In her foreword, Editor Julie Merriam writes that How to live on Other Planets turns on the question, “Who do we become when we live with the unfamiliar?” This is a collection concerned first and foremost with exploration of personal, individualised experiences of immigration, crossing and recrossing boundaries, displacement, and alienation. The approach adopted is one that which foregrounds and explicitly values the human aspect of marginalised experiences. It is not, we’re warned a polemic on colonialism or immigration policy and to my mind that lack of a unifying project separates it from other recent themed anthologies Long Hidden or We See a Different Frontier, to which it has been compared. This broad framing of the immigration theme struck me as a very safe construction of an inherently complex, contested and political question; it allows the dominant norms to remain undefined, if not unchallenged.

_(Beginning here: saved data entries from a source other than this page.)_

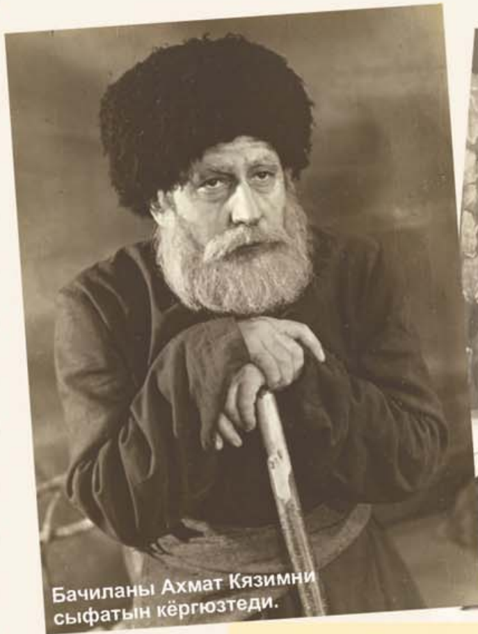
Бачиланы Ахмат Кязимни сыфатын көргюзтеди.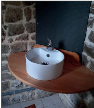
Plomberie Giry Tél : 06 52 36 49 77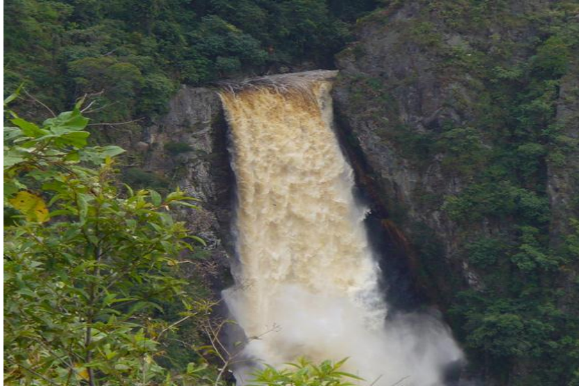
Figura 1. Primera caída, Salto de Bordonos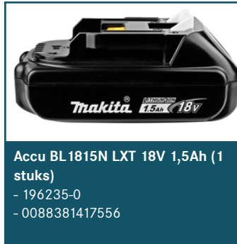
Accu BL1815N LXT 18V 1,5Ah (1 stuks) - 196235-0 - 0088381417556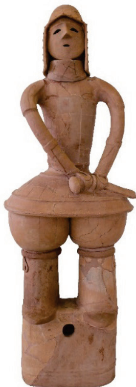
かぶとをかぶり、よろいをつけて、こしにたちを添えたぶじんはにわ(今から約1,450年前)

(こふんじだい) おおざかいこふんぐん 大境古墳群 ・大境南6号墳 (冑山・熊谷地区) 出土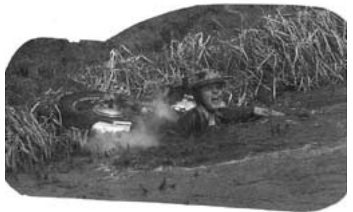
Langzaam werd ik de modder ingetrokken. Als ik de foto zie ruik ik nog die enorme modder-stank!!

Uiteindelijk, toen het blubberwater bijna aan mijn lippen stond zagen ze dat het toch wel ernst was. Enkele omstanders sprongen tot aan hun middel in de sloot en haalden mij eruit. Stinkend duwden we mijn motor naar het rennerskwartier, maakten hem weer klaar voor de tweede manche, ik heb droge kleren aangetrokken en ben weer van start gegaan.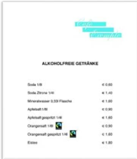
Abb.3 Beispiel Getränkekarte

Jene Getränke auf Ihrer Karte, die FAIRTRADE zertifiziert sind, können Sie mit dem FAIRTRADE-Siegel bewerben: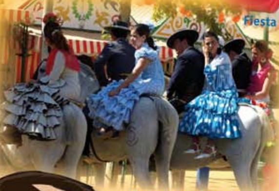
Feria de Abril de Sevilla (España)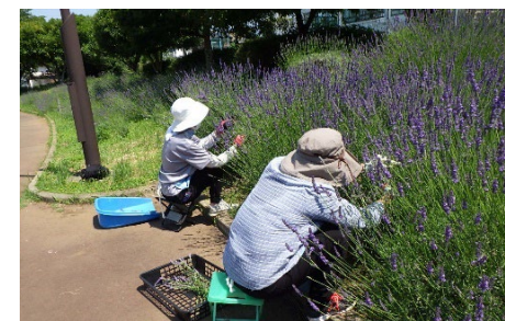
【ハーブボランティア】 ハーブガーデンを管理しており、 ラベンダーやハーブ・ポット苗の 配布会を行ったり、掲示物を制作 するなどして公園を彩って くれています。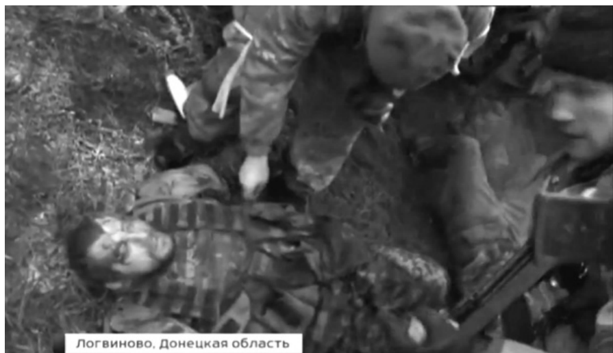
Логвиново, Донецкая область

прорваться из Дебальцево. При задержании некоторые получили ранения. Ситуация не новая. Летом потом долго обсуждали поведение офицеров, бросивших своих подчиненных в котлах. В Дебальцево заминировали железнодорожный вокзал, и не только. Готовят к сдаче и разрушают все за собой. Как немцы История повторяется.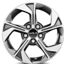
16-calowe felgi aluminiowe, wersja M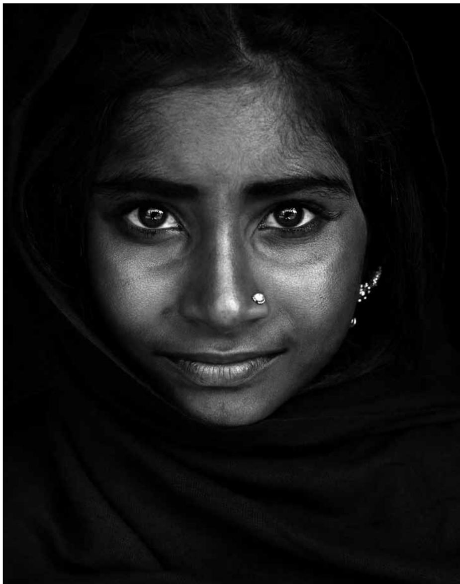
Portrait eines Gypsie Mädchens, Indien, 2014

Im Mittelpunkt seines Werkes steht der Mensch. Unermüdlich hat der Fotograf in den letzten Jahren auf zahllosen Reisen in die unterschiedlichsten Regionen der Welt seine ganz persönliche Galerie von faszinierenden Portraits zusammengetragen. Seine von Respekt und starker Empathie getragenen Aufnahmen sind nicht nur intensive Portraits, sondern sie geben zum Teil auch erhellende Einblicke in den Alltag der von ihm fotografierten Menschen und ermöglichen es dem Betrachter, Anteil am Leben des Portraitierten zu erhalten. So gelingt es dem Fotografen immer wieder, eine visuell verbindliche Beziehung zwischen dem Betrachter und dem Gegenüber herzustellen – trotz aller ethnischen und kulturellen Unterschiede. So fremd die Kleidung und Aufnahmeorte auf den ersten Blick auch erscheinen mögen, so vertraut wirken doch die in den Motiven eingefangenen Emotionen und würdevollen Posen. Mit seiner suggestiven und direkten Fotografie versucht Marino, den von ihm portraitierten Individuen ein möglichst authentisches Bild zu entlocken. Die Kamera erscheint nicht als störender Filter, sondern vielmehr als ein offener Spiegel. Im perfekten Zusammenspiel von Ausschnitt und Komposition sowie im virtuoson Umgang mit Schwarzweißkontrasten oder Farbkompositionen sind einzigartige Portraits entstanden. Diesen von Marino als »fotografische Psychogramme« bezeichneten Portraits kann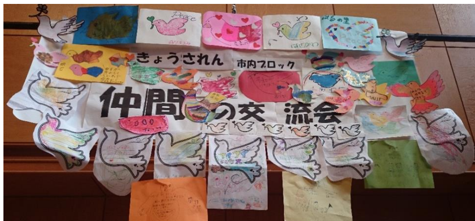
各事業所の仲間の願いが書かれた鳩の看板を作りました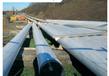
22 km kabels en leidingen

In en langs het tracé liggen vele kabels en leidingen voor elektriciteit, gas, water en de industrie. We leggen in totaal 22 kilometer kabels en leidingen. Ter voorbereiding van de verbreding zijn al veel kabels en leidingen verlegd. In februari 2016 zijn grote gestuurde boringen rond het kruispunt Axelse Sassing uitgevoerd. Tijdens de werkzaamheden aan de Tractaatweg zal de aannemer ook nog kabels en leidingen omleggen, omdat deze nu nog onder de weg liggen.

The structure is fairly idiosyncratic, but consistent across the collection – two to three stories followed by a poem or two. The pieces are not noticeably grouped by genre, or theme, or a common element to the stories and vary dramatically in length. This strategy functions well to emphasise the difference of the pieces from each other – perhaps we might read in to this a deliberate underlining of heterogeneity of lived experiences of migration and estrangement. They deal with change and alienation, love and grief, the families and communities we’re born into, estranged from, and the ones build along the way. The anthology certainly rewarded the way that I read it, a piece or two at a time on trams, in queues, or waiting for the next act to come on, over a period of months. The boundaries crossed are between worlds, alternate universes, dimensions, planes of reality, life and death, generations, class and species. The treatment of alienation is similarly wide ranging – from self, family, home, tradition, culture, species (again.) The texts span far futures, the present day and the colonial past, and are set in contemporary alternate New York, on parallel Earth and distant planets, explored in genres ranging from historical fantasy, magical realism, the new weird and more traditional science fiction. There is no unifying tone, although broadly speaking the stories are brighter and more optimistic than the poetry, some of which I found rather dark and dramatic, and not always in a good way. The standout poems were Bogi Takács playful The Tiny English-Hungarian Phrasebook for Visiting Extraterrestrials and Rose Lemberg’s powerful Three Immigrations.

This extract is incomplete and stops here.